> **What the exercise asks**: Using the listing below, copy exactly each line from the one that has "Capture your special" through the one that has "Ensemble de meubles"; omit the pictures.

> **Data records**:
--- START ---

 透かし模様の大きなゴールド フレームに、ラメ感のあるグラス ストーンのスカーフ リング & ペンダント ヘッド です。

--- END ---
--- START ---

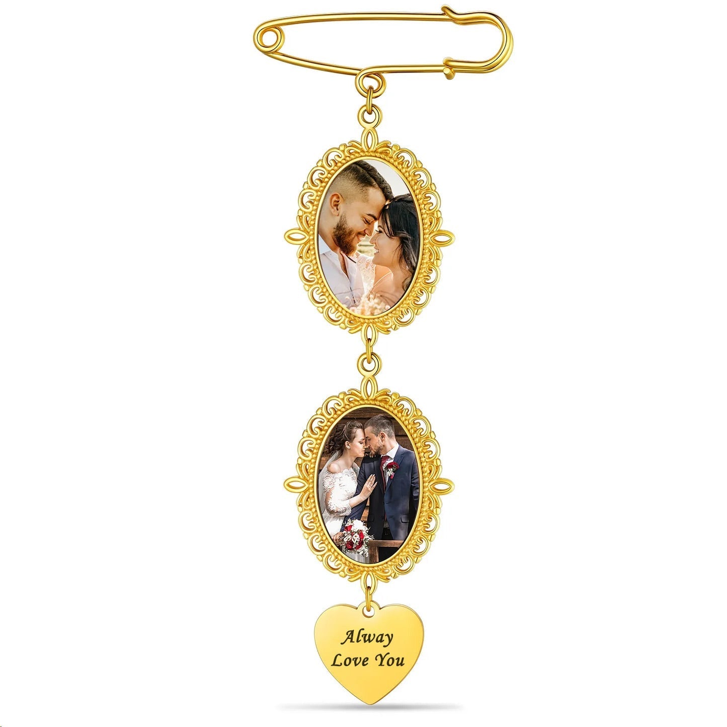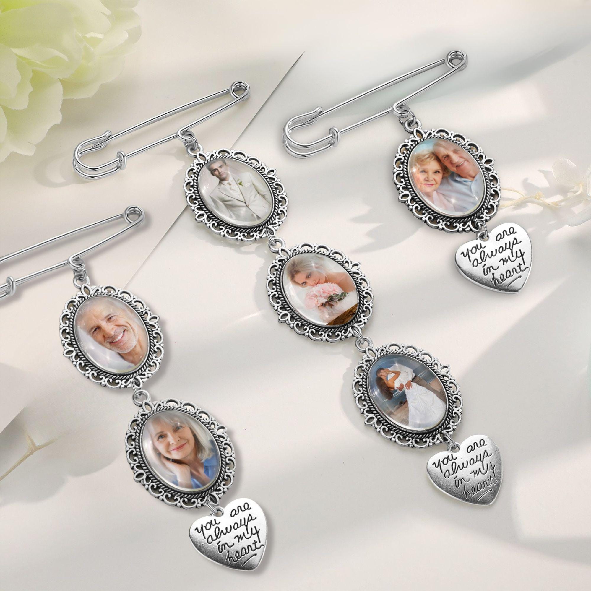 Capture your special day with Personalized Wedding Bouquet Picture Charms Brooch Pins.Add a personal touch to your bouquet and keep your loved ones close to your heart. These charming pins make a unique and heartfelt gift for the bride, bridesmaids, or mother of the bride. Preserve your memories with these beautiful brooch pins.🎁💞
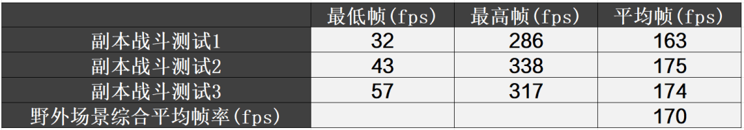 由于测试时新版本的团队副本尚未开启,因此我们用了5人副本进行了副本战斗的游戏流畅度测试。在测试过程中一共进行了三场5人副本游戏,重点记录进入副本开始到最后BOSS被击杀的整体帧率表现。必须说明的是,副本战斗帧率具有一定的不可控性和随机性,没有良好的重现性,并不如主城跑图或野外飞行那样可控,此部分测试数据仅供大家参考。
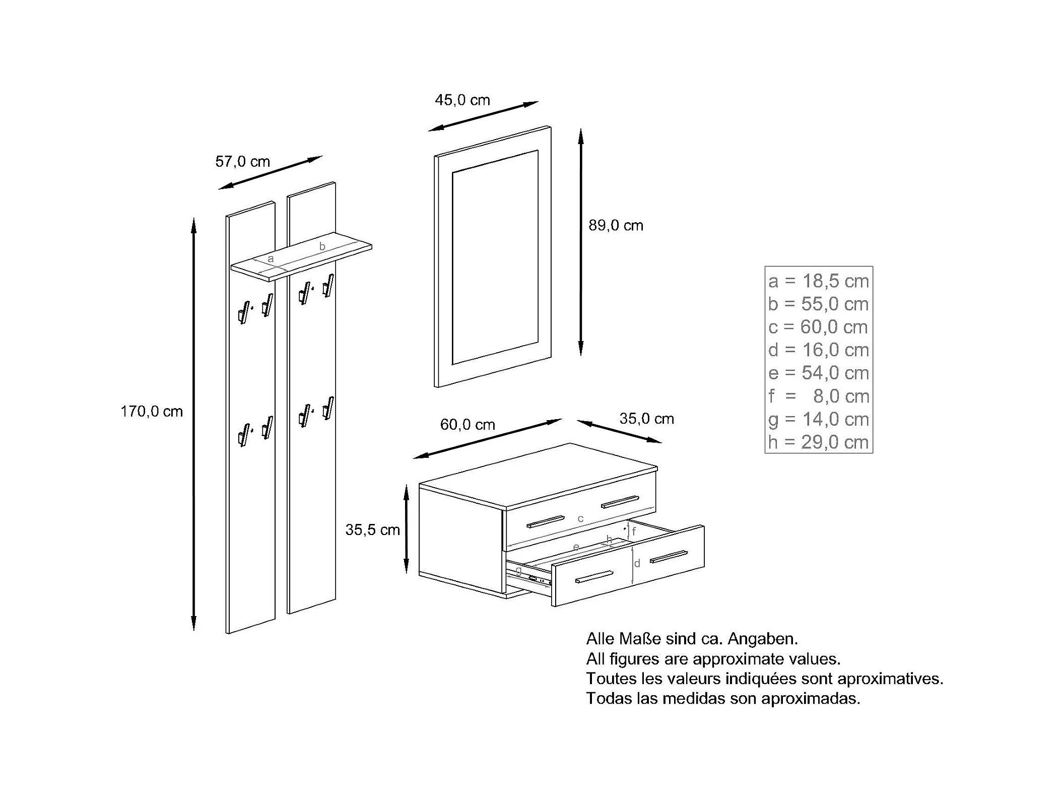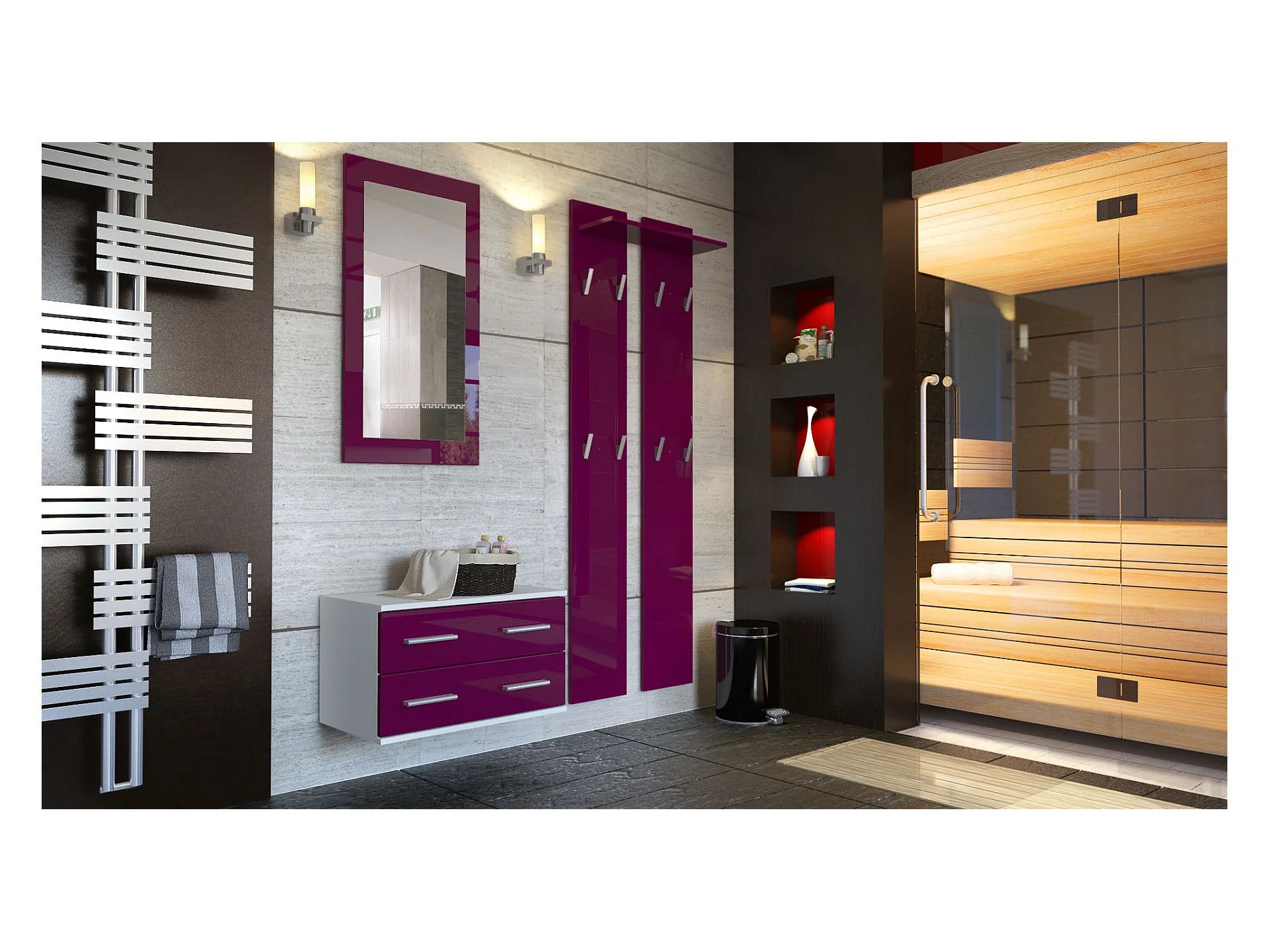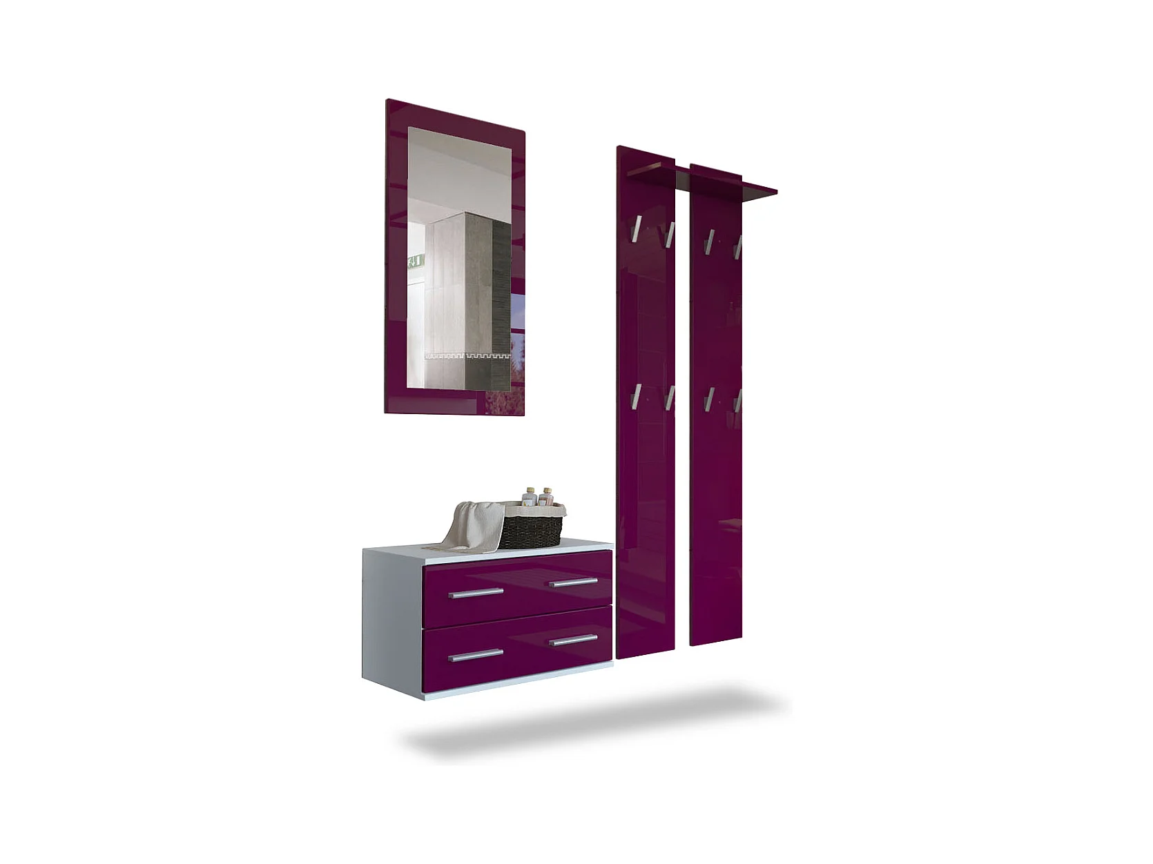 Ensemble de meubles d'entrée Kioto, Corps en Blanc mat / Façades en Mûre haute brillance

--- END ---
--- START ---

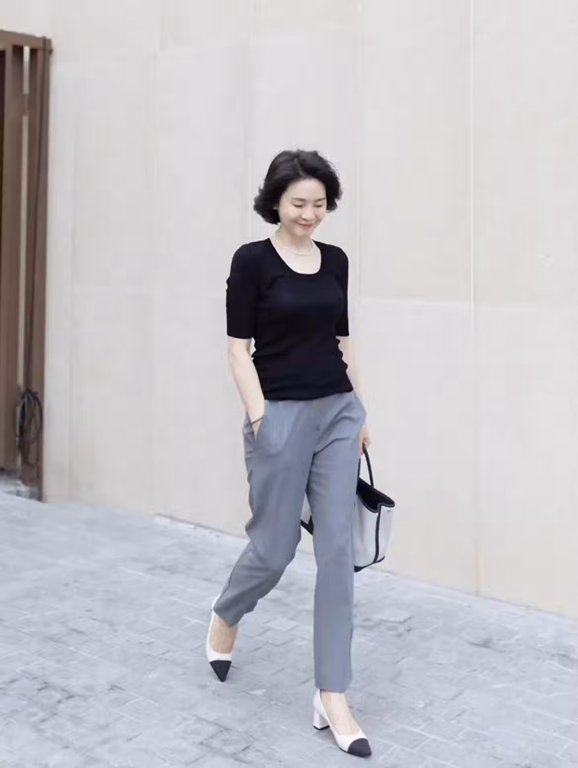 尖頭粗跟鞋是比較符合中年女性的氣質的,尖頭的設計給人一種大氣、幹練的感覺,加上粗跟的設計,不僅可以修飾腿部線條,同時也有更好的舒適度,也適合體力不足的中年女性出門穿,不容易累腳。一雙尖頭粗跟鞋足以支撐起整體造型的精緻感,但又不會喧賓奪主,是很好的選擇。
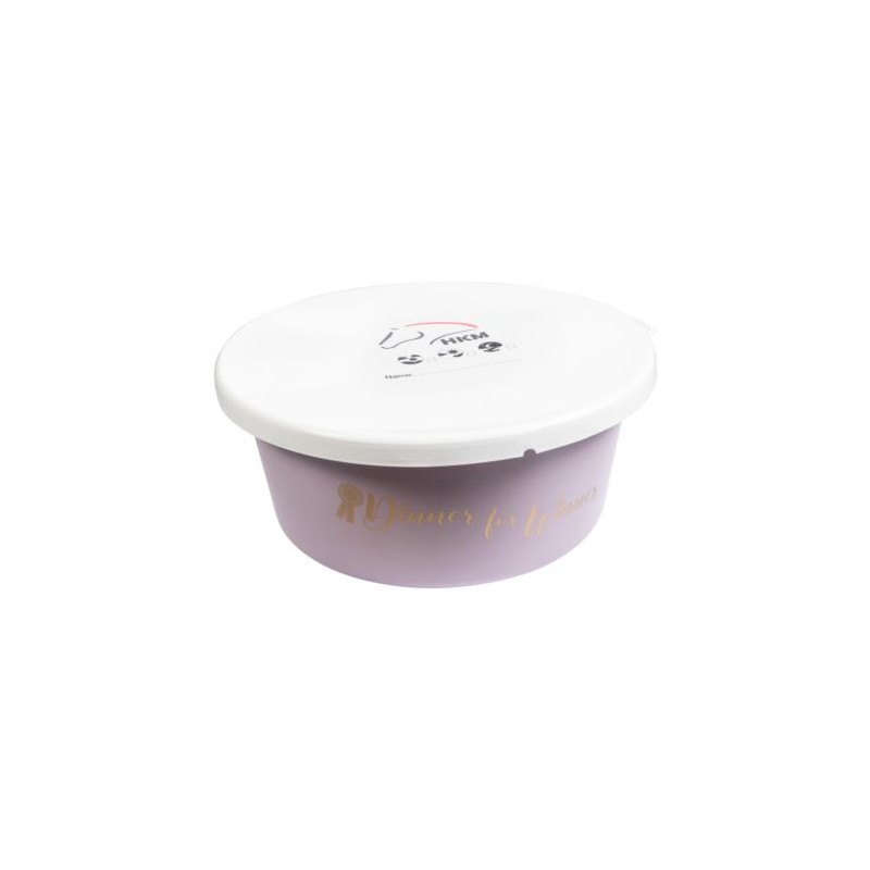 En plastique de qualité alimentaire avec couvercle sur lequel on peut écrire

--- END ---

> **Expected output**:
 Capture your special day with Personalized Wedding Bouquet Picture Charms Brooch Pins.Add a personal touch to your bouquet and keep your loved ones close to your heart. These charming pins make a unique and heartfelt gift for the bride, bridesmaids, or mother of the bride. Preserve your memories with these beautiful brooch pins.🎁💞
 由于测试时新版本的团队副本尚未开启,因此我们用了5人副本进行了副本战斗的游戏流畅度测试。在测试过程中一共进行了三场5人副本游戏,重点记录进入副本开始到最后BOSS被击杀的整体帧率表现。必须说明的是,副本战斗帧率具有一定的不可控性和随机性,没有良好的重现性,并不如主城跑图或野外飞行那样可控,此部分测试数据仅供大家参考。
 Ensemble de meubles d'entrée Kioto, Corps en Blanc mat / Façades en Mûre haute brillance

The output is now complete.